> [Work required]
Span requested from the data below: the line with "HIDEMI 进口山羊绒v领廓形系带长款浴袍大衣毛呢外套 炭灰色" through the line with "Phát biểu tại", both included. Give only these lines again, exactly, and leave every picture out.
── Material shown
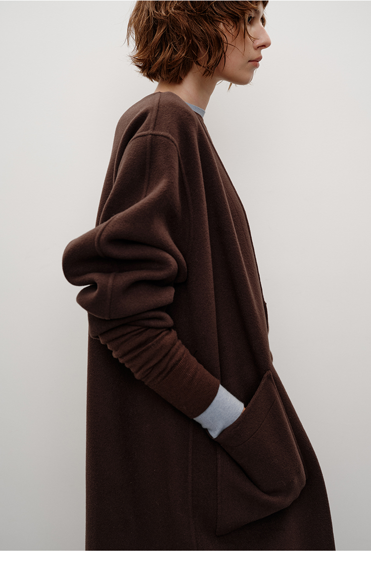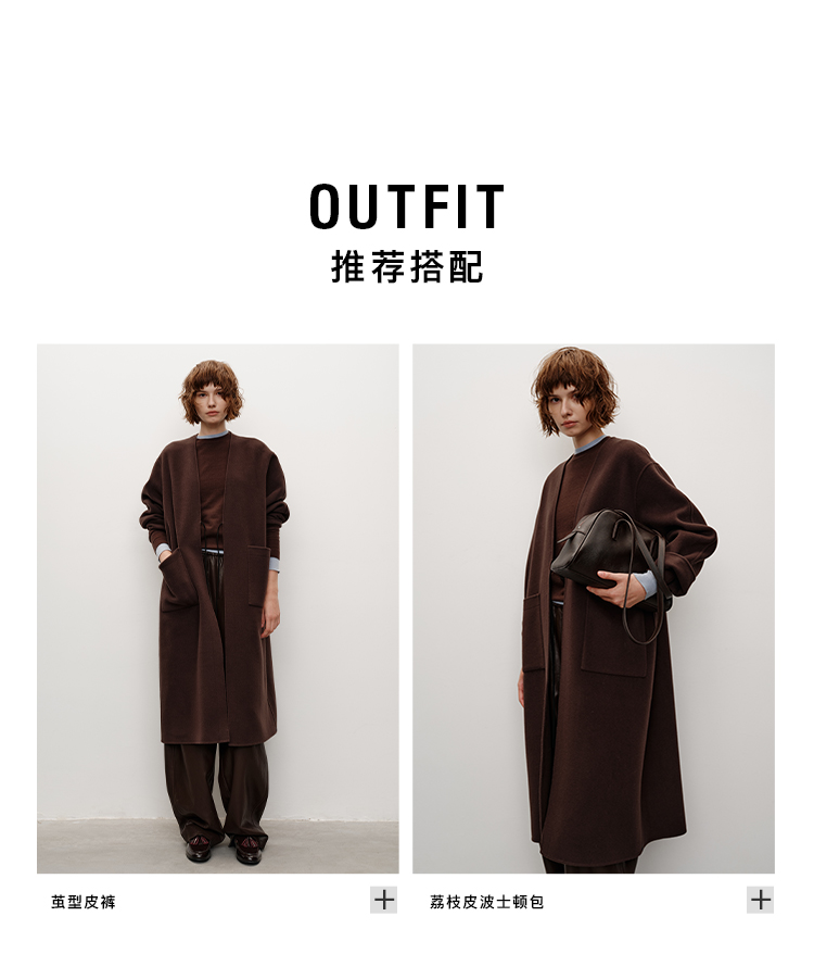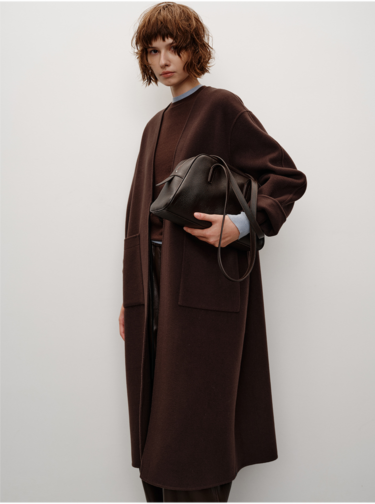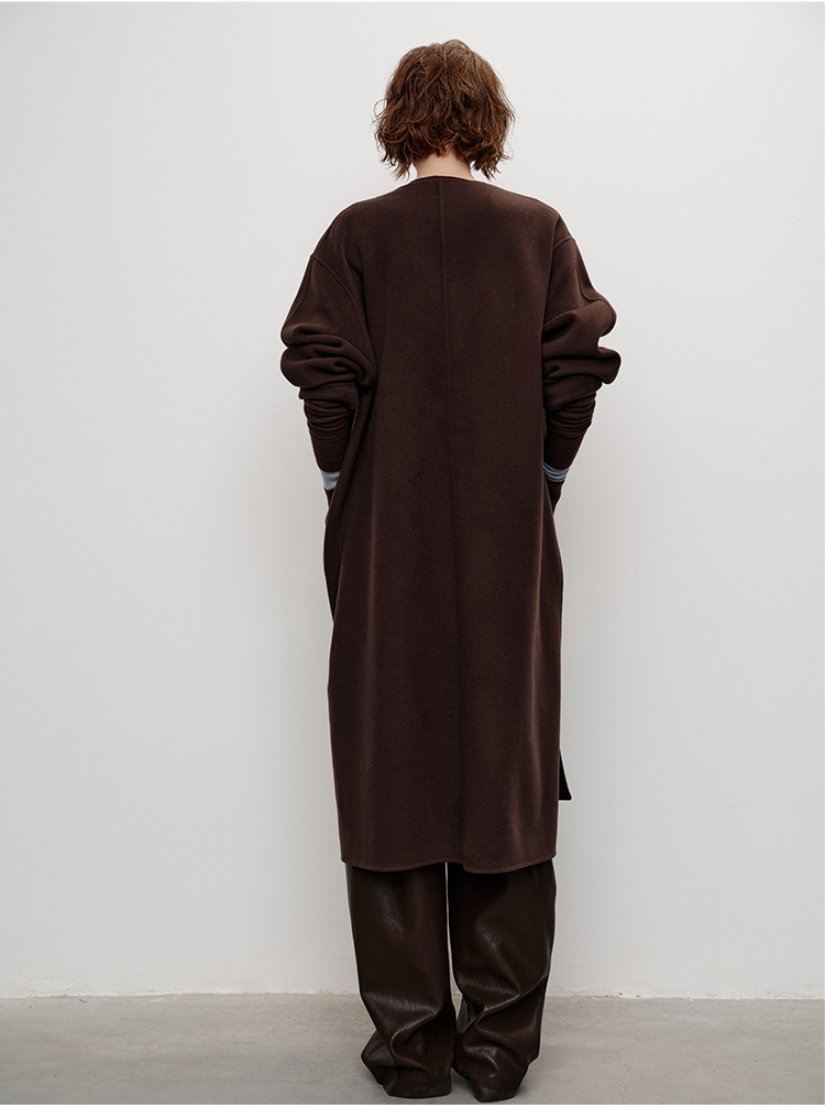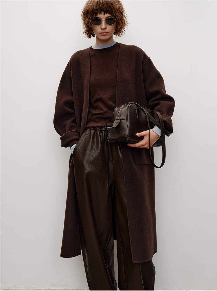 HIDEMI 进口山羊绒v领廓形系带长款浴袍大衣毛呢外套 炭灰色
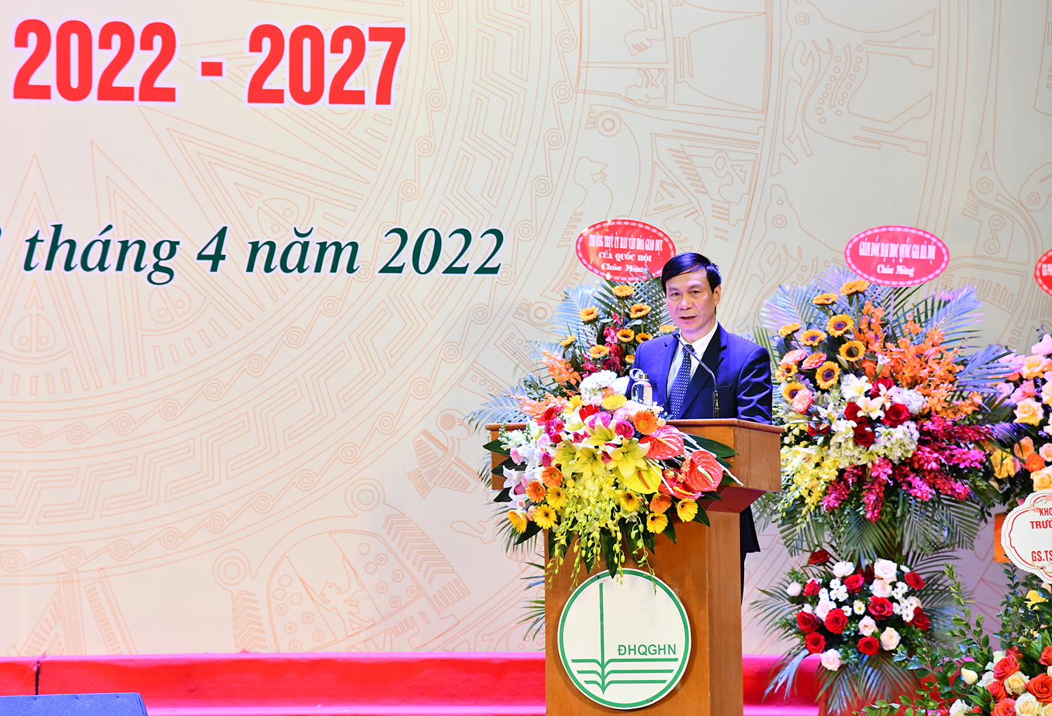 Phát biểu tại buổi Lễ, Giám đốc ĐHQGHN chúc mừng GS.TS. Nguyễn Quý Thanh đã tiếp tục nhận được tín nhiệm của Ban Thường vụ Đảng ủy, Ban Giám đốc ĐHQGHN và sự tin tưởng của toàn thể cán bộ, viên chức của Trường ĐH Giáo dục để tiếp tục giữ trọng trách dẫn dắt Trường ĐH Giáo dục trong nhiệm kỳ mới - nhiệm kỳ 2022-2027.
────
── Material shown
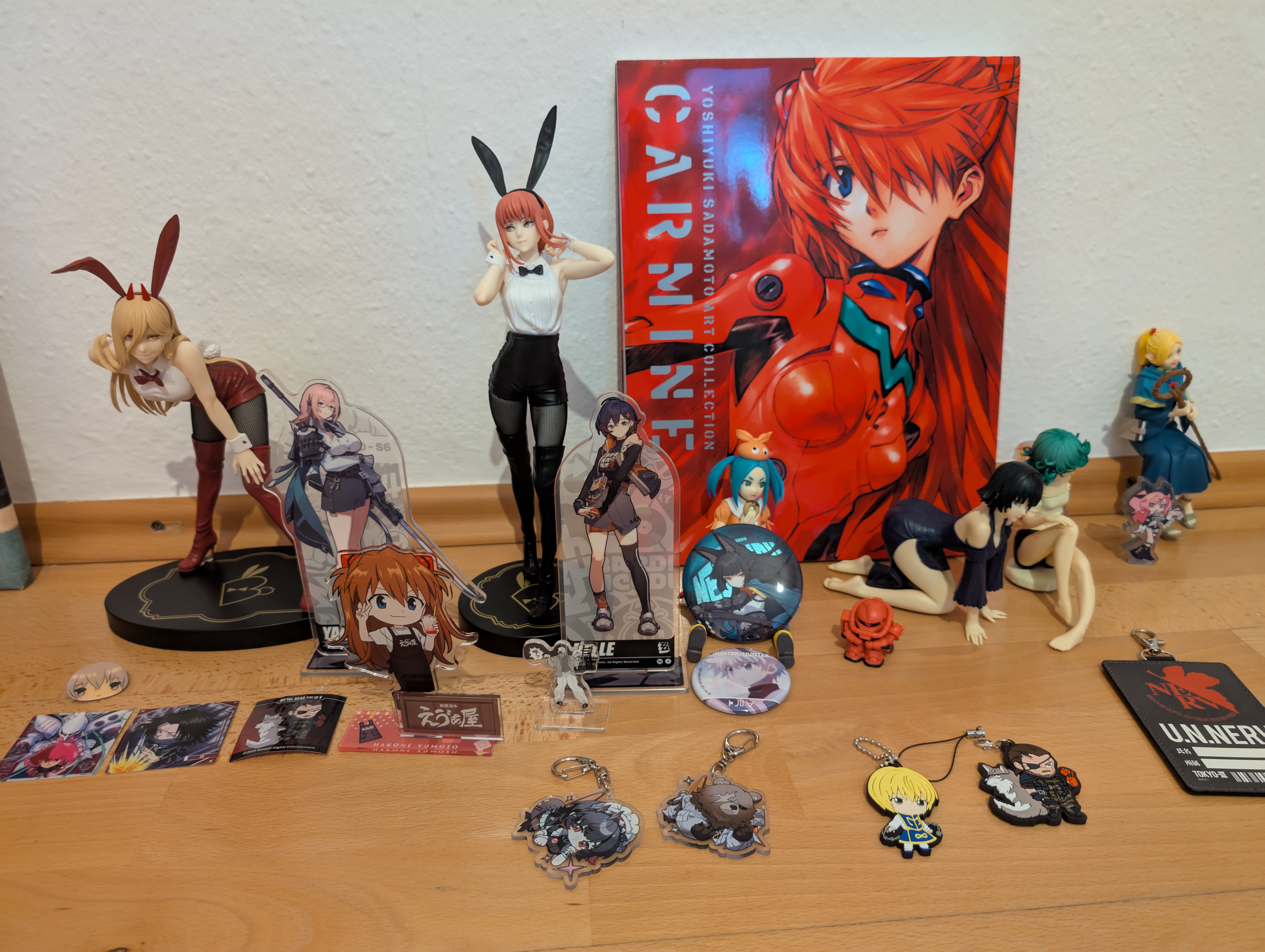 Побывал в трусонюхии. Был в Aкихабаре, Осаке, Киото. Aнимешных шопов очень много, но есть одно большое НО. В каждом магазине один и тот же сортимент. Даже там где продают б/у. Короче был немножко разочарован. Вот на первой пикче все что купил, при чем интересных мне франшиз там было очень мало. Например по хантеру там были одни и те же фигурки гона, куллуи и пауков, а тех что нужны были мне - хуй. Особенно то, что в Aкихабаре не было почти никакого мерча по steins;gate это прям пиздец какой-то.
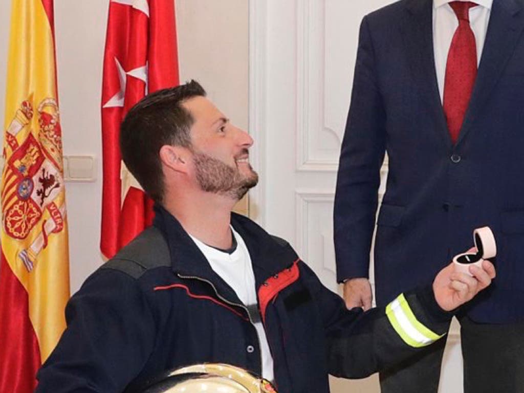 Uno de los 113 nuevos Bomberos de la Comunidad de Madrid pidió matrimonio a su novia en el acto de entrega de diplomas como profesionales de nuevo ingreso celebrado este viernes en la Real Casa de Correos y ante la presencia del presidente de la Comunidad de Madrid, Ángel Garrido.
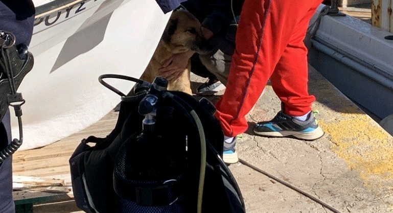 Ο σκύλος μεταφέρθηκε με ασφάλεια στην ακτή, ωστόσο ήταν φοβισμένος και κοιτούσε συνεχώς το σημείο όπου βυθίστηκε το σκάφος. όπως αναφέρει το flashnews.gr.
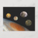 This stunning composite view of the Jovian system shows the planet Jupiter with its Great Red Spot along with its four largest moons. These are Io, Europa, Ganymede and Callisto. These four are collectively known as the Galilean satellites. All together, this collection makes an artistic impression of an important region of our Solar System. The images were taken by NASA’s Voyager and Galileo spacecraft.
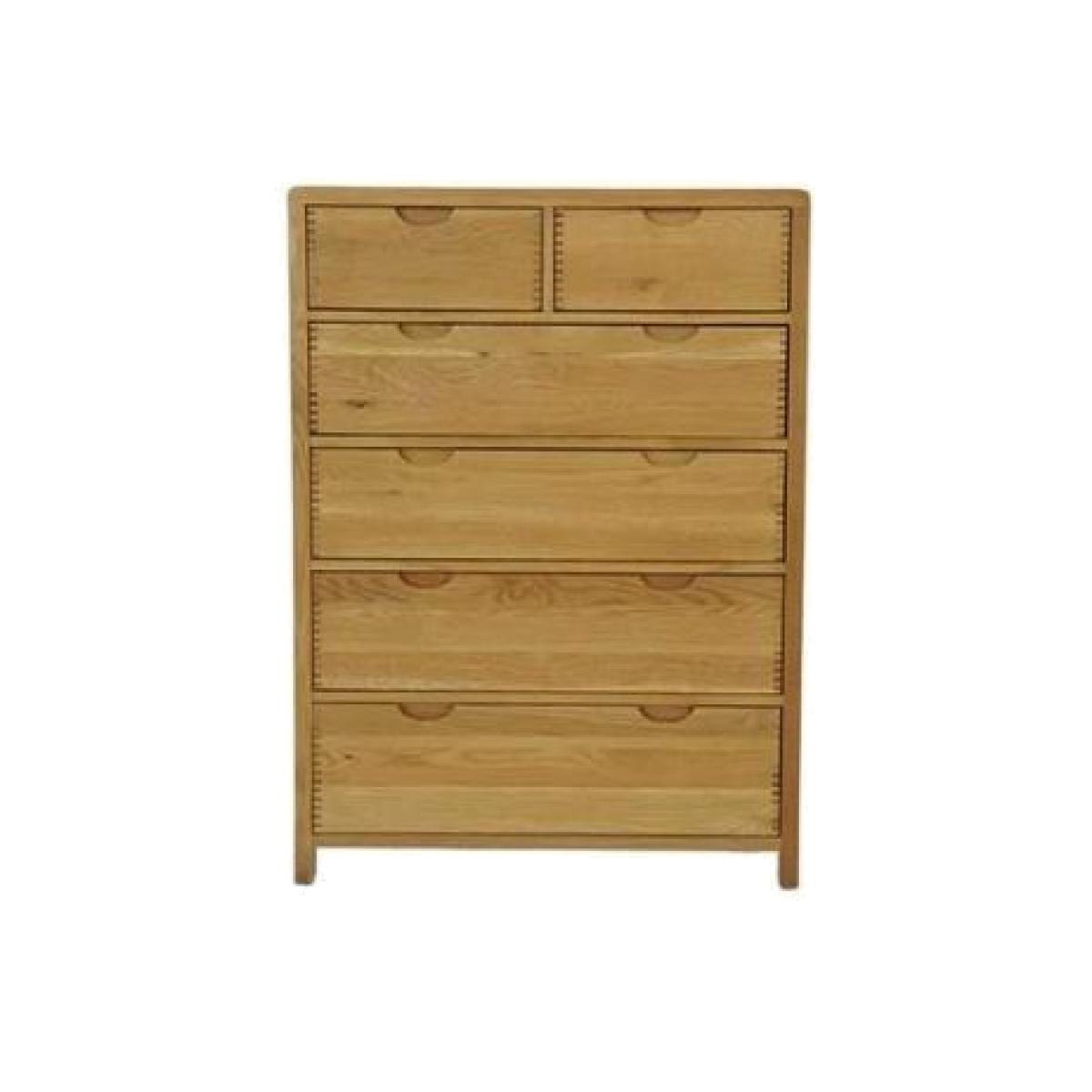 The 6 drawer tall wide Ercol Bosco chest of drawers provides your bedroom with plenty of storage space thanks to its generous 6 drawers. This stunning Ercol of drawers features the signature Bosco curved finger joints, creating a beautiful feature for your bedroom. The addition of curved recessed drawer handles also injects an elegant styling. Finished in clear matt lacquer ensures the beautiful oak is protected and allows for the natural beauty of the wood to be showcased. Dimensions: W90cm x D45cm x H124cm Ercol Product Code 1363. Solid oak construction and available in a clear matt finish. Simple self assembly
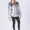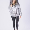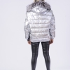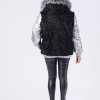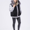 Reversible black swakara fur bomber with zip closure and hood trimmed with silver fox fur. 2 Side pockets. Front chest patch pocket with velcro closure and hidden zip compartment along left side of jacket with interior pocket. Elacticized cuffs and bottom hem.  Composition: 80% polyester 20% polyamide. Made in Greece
────
> [Expected answer]
 HIDEMI 进口山羊绒v领廓形系带长款浴袍大衣毛呢外套 炭灰色
 Phát biểu tại buổi Lễ, Giám đốc ĐHQGHN chúc mừng GS.TS. Nguyễn Quý Thanh đã tiếp tục nhận được tín nhiệm của Ban Thường vụ Đảng ủy, Ban Giám đốc ĐHQGHN và sự tin tưởng của toàn thể cán bộ, viên chức của Trường ĐH Giáo dục để tiếp tục giữ trọng trách dẫn dắt Trường ĐH Giáo dục trong nhiệm kỳ mới - nhiệm kỳ 2022-2027.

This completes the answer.